[Dataset section]

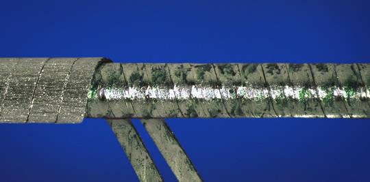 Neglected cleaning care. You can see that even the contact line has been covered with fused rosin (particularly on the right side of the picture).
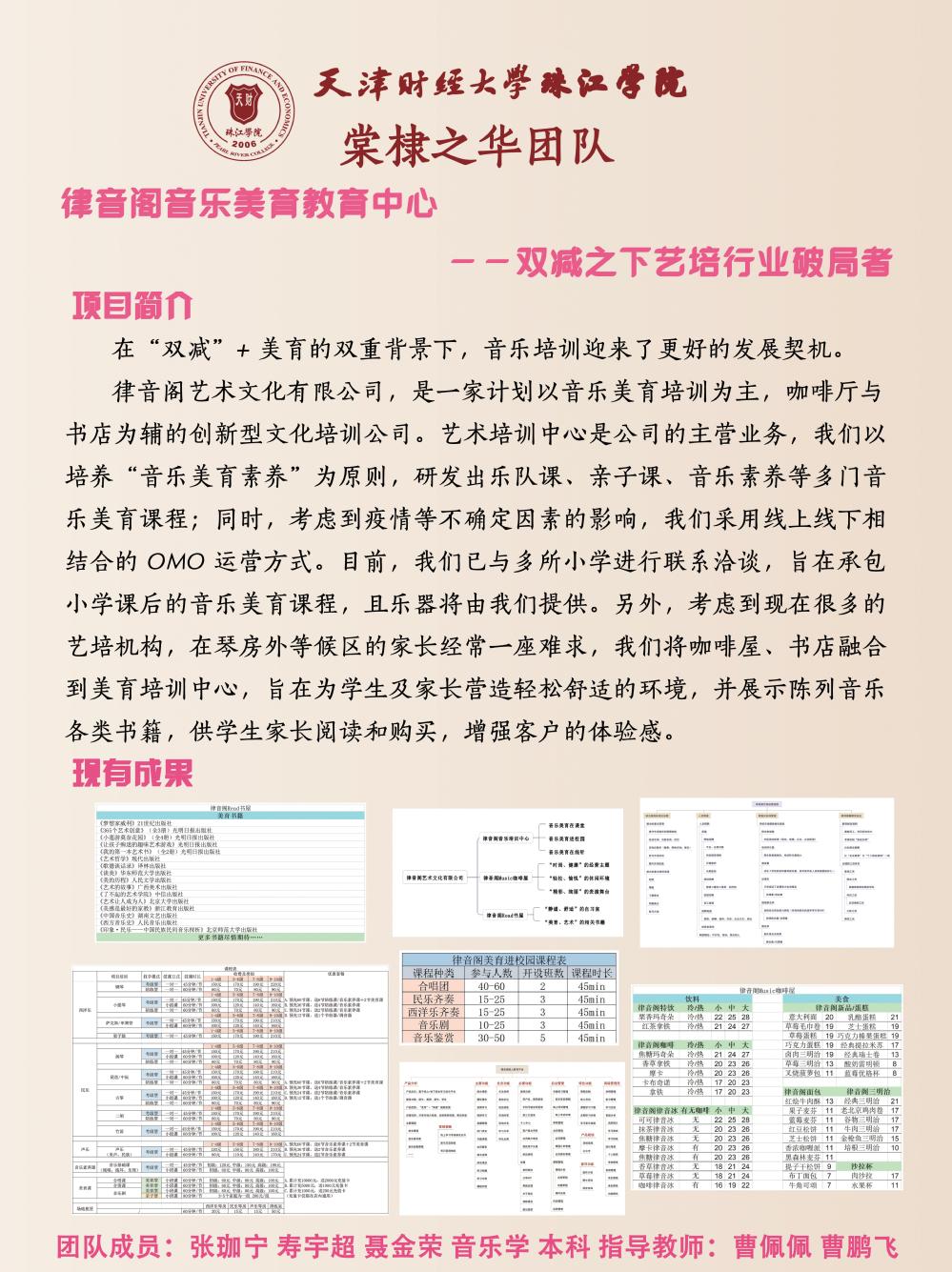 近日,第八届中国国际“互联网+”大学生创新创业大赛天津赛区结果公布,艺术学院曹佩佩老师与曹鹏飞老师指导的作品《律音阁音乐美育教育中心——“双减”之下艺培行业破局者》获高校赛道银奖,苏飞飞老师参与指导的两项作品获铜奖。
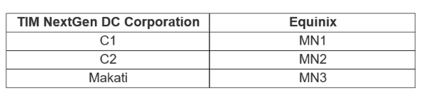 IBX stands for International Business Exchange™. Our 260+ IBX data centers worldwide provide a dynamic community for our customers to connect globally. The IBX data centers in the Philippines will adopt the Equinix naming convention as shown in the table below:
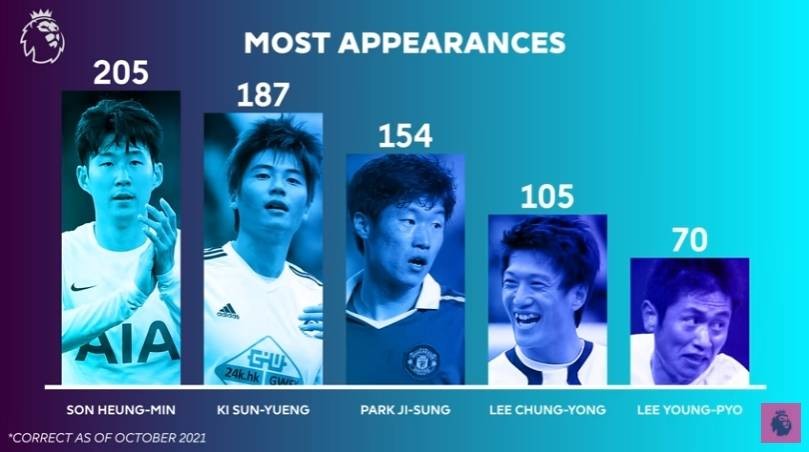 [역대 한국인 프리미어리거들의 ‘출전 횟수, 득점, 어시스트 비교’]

[/Dataset section]

Exercise prompt
Restate the listing above word for word, and skip the pictures.

Response to this exercise
 Neglected cleaning care. You can see that even the contact line has been covered with fused rosin (particularly on the right side of the picture).
 近日,第八届中国国际“互联网+”大学生创新创业大赛天津赛区结果公布,艺术学院曹佩佩老师与曹鹏飞老师指导的作品《律音阁音乐美育教育中心——“双减”之下艺培行业破局者》获高校赛道银奖,苏飞飞老师参与指导的两项作品获铜奖。
 IBX stands for International Business Exchange™. Our 260+ IBX data centers worldwide provide a dynamic community for our customers to connect globally. The IBX data centers in the Philippines will adopt the Equinix naming convention as shown in the table below:
 [역대 한국인 프리미어리거들의 ‘출전 횟수, 득점, 어시스트 비교’]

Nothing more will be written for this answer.